ACDP is deliberately opinionated and carries corresponding limitations:
- Depends on threat intelligence quality. Incorrect assumptions about adversary intent produce systematically misaligned priorities.
- Does not design controls. It orders candidate controls. Baseline security hygiene is assumed to exist.
- Resists exhaustive coverage. It forces decisions about what not to prioritize - which may be politically difficult in organizations invested in comprehensive compliance narratives.
- Weighting is judgment. The weighting vector encodes strategic assumptions that cannot be derived from data alone. ACDP requires these be explicit; it does not eliminate them.
ACDP is part of the Malwarebox research ecosystem, alongside:
- Kraken - continuous observation platform for adversary infrastructure
- IIM - Infrastructure Intelligence Model for structural adversary analysis
- ACDP - this methodology
The three components form an analytical loop: observation produces structure (Kraken → IIM), structure produces priority (IIM → ACDP), and priority drives further observation (ACDP → Kraken). ACDP is usable standalone with threat intelligence from any source. Integration with the broader ecosystem amplifies its precision by making inputs auditable and scoring reproducible across teams and over time.

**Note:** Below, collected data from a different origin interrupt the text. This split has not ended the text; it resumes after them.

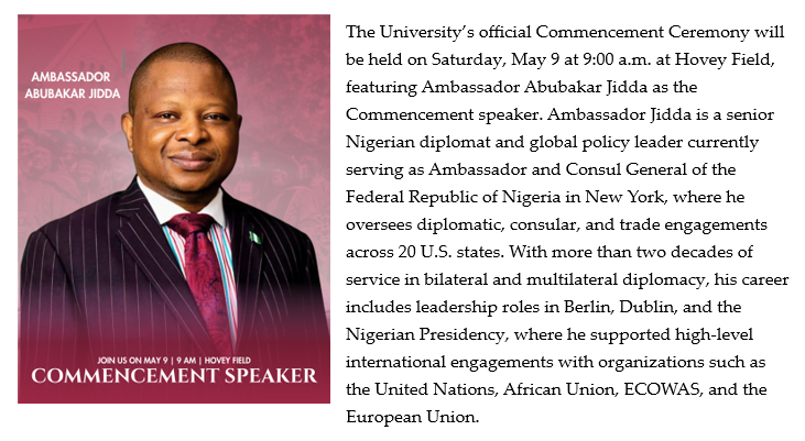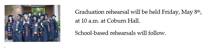Regalia should be worn with limited jewelry. Oversized earrings, bangles, necklaces, pins, and other pieces are inappropriate. Do not bring/wear purses, flowers, sorority/fraternity Kente cloth stoles, corsages, ribbons, scarves, and the like. Cellphone use is prohibited during the processional and recessional at Hovey Field and school locations. Failure to adhere to these guidelines may lead to your removal from the processional.
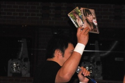 佐藤2人のDVDを手に「我々の事業内容は女子プロレス界の新しい未来を作る。華名、紫雷美央、高木三四郎、俺はこの3人の女子レスラーに言いたいことがある!巷では女子プロレスラーがこのようなDVDを発売しているそうです。アナタ方2人のDVDですね。もちろん知っています。これは私物だからです。お世話になります。こいつら売店で売ってんだよ。このようなDVDを出して、『私はエロカワ』などと言ってるんです。」(左写真)
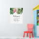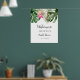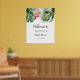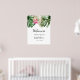 Modern bridal shower welcome sign featuring watercolor illustration of monstera leaves, palm leaf, and pink king protea flower. Perfect for your summer party.
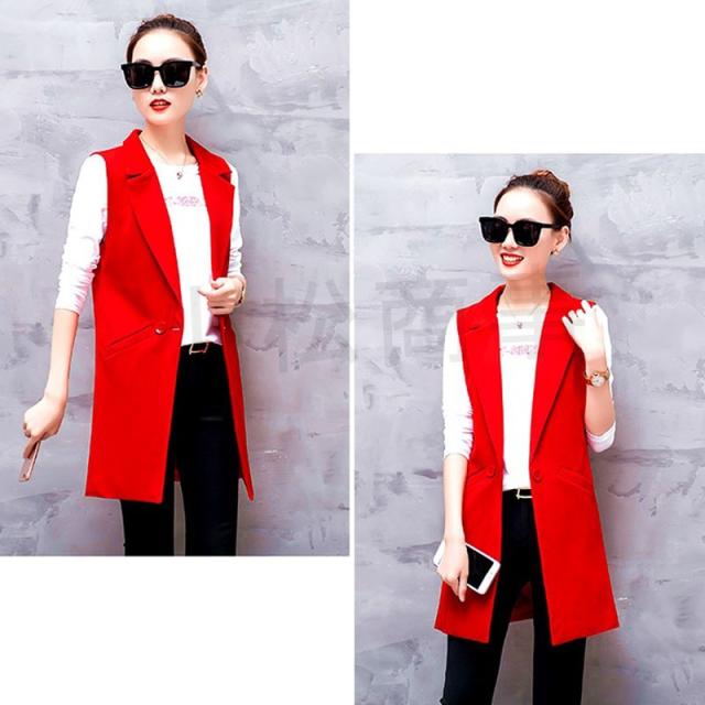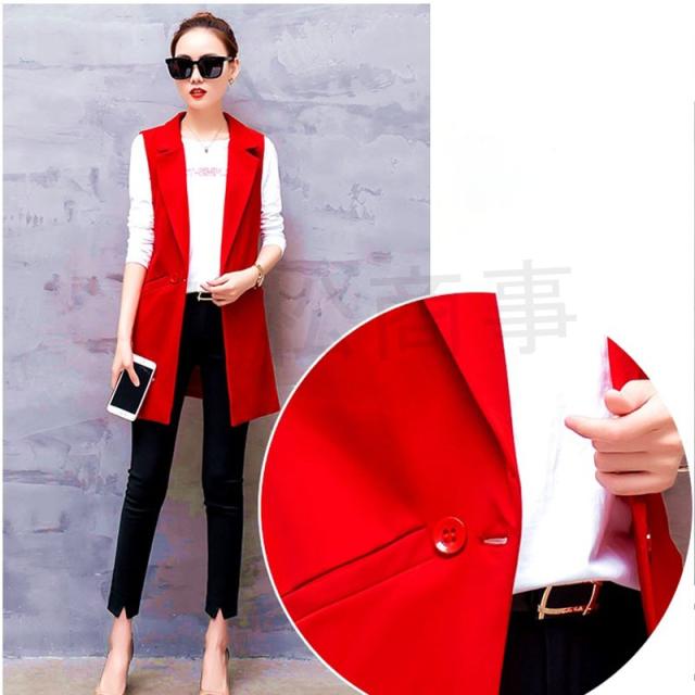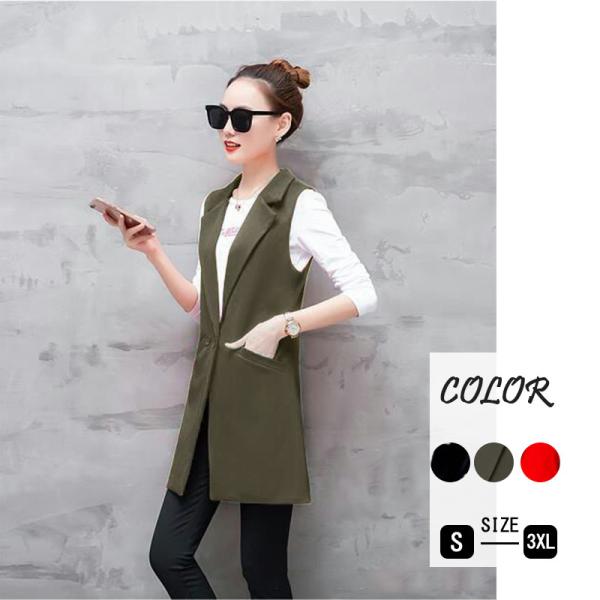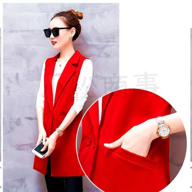 スーツベスト チョッキ ジレ レディース ロングベスト オフィス 通勤 無地 シンプル 春秋 V ネック ボタン ゆったり ピンク レッド 送料無料
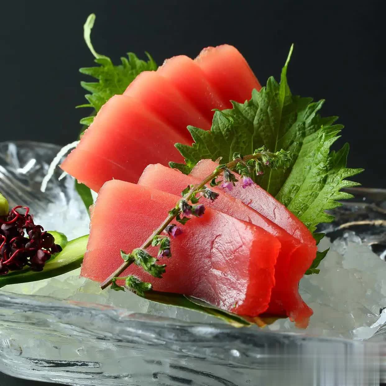 金枪鱼无疑是生鱼片中的“头牌”。它的肉质柔嫩、口感鲜美,且富含不饱和脂肪酸,对健康极为有益。金枪鱼的不同部位口感和风味也有所不同,比如大肥部分的肉质肥美,适合做成生鱼片;中肥部分则相对口感更为细腻,适合做成寿司。
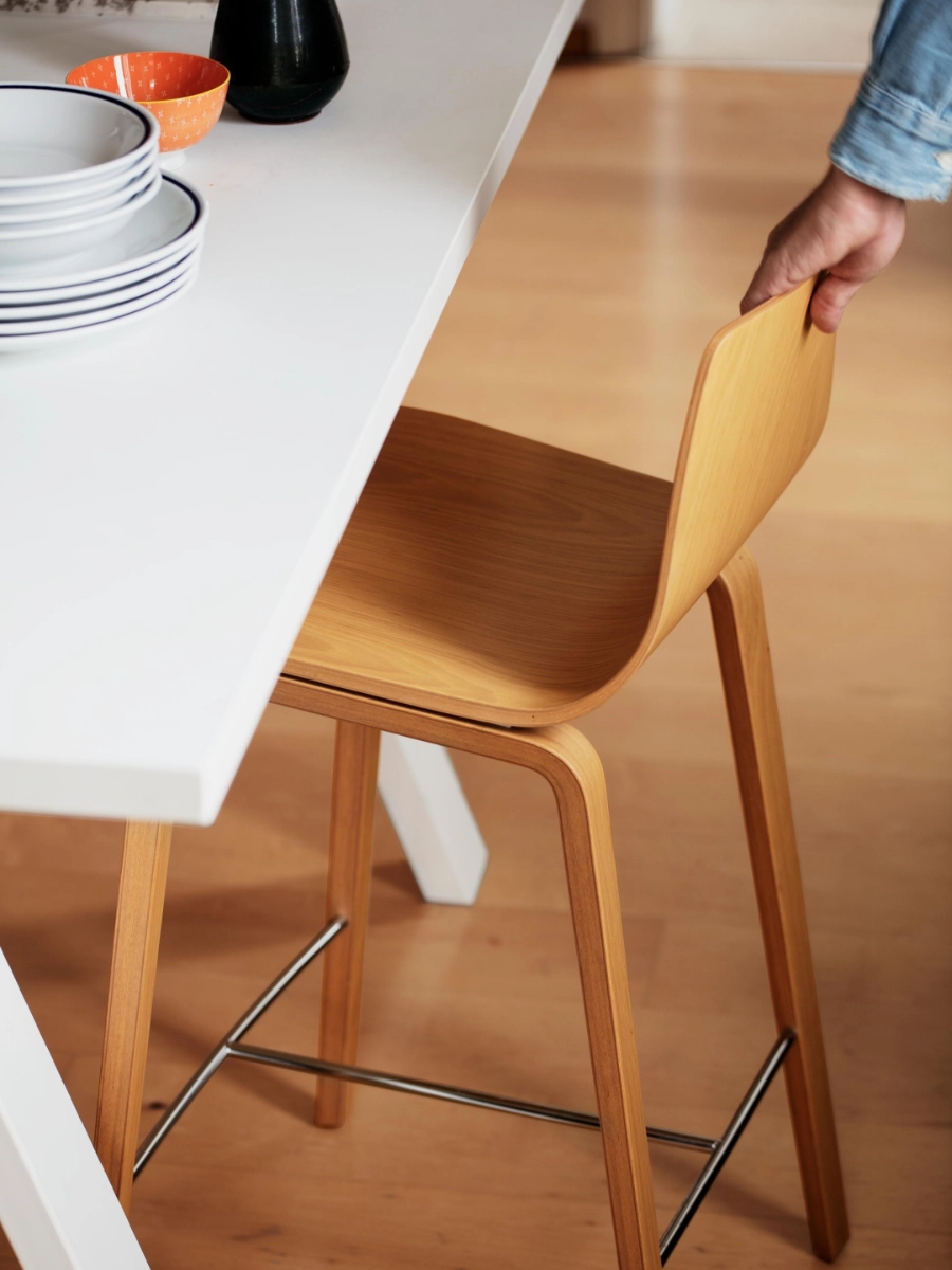 Aava 02 marks an evolution in Arper’s sustainability journey. For Aava 02, we implemented a custom post-consumer plastic, mainly derived from detergent bottles. This new post-consumer recycled polypropylene reinforced with fiberglass and virgin material offers durability without sacrificing high quality finish and color. The colorways each contain differing percentage levels of the post-consumer recycled material, starting from 5% for lighter colors, all the way up to 40% for darker ones.

The full technical paper is available at acdp.malwarebox.eu.
It covers the methodology in depth, including:
- Positioning relative to behavioral catalogs, control frameworks, and risk quantification
- The ACDP perspective - three framing shifts from conventional prioritization
- Detailed scoring framework with axis anchor descriptions
- Actor-specific weighting rationale
- Full Sandworm worked example
- Limitations and trade-offs
- Integration with broader intelligence workflows
ACDP is an open methodology. Contributions are welcome in several forms:
- Actor profile templates - weighting vectors and rationale for specific threat actor categories
- Worked examples - fully scored prioritizations against named adversaries
- Critique - challenges to the methodology, its assumptions, or specific scoring decisions
- Tooling - scripts, templates, or integrations that automate parts of ACDP workflows
Open an issue or pull request. Substantive critique is explicitly welcomed - the value of the methodology is that its outputs are contestable.
If you reference ACDP in published work, please cite:
Dost, R. (2026). Actor-Centric Defensive Prioritization (ACDP):
A Methodology for Aligning Defensive Investment with Adversary Intent.
Malwarebox Research. https://acdp.malwarebox.eu
This methodology and its documentation are released under CC BY 4.0. You may use, adapt, and redistribute it freely with attribution.